New Zealand judge and tennis player

Richard Neville Hawkes (29 November 1940 – 6 August 2001) was a New Zealand judge and tennis player.

Hawkes had a sporting background, with his father a New Zealand Universities rugby representative and his mother an all-round sportsperson from Taranaki. He was active on the international tour in the 1960s, featuring in the singles main draws of the French Open and US Open. In 1968 he represented the New Zealand Davis Cup team in a 1968 tie against Yugoslavia in Zagreb, partnering Brian Fairlie in the doubles rubber. He scored an upset win over former American Davis Cup captain Donald Dell at the 1970 New Zealand Open.
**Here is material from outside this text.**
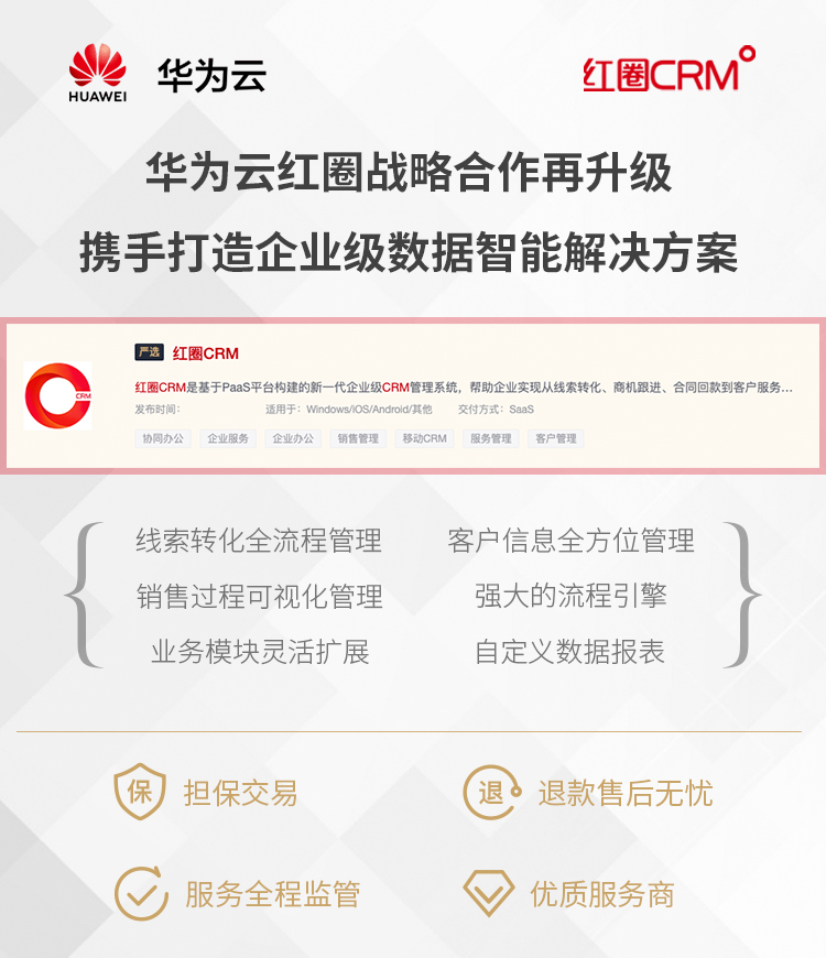 日前,继2019年作为首批加入华为云WeLink的生态伙伴和唯一CRM系统服务商后,红圈与华为云战略合作持续升级,再次在华为云严选商城发布了红圈 CRM企业级移动销售自动化管理系统。旨在基于华为云整体公有云解决方案的基础上,为中大型企业、集团公司用户提供更加优质的数据智能解决方案,帮助企业实现从线索转化、商机跟进、合同回款到客户服务的LTC全流程精细化管理,提升企业竞争力,推动企业业绩增长。

A graduate of Victoria University of Wellington, Hawkes was admitted as a New Zealand barrister in 1968 and relocated to Hong Kong during the late 1970s. He became a Hong Kong District Judge in 1991 and was appointed Chief District Judge in 1999, a role he held for two years before retiring due to ill health.

Hawkes married squash player Julie Lamb and they raised their four children in Hong Kong (three daughters and one son). One of their children is Commonwealth Games squash gold medalist Jaclyn Hawkes.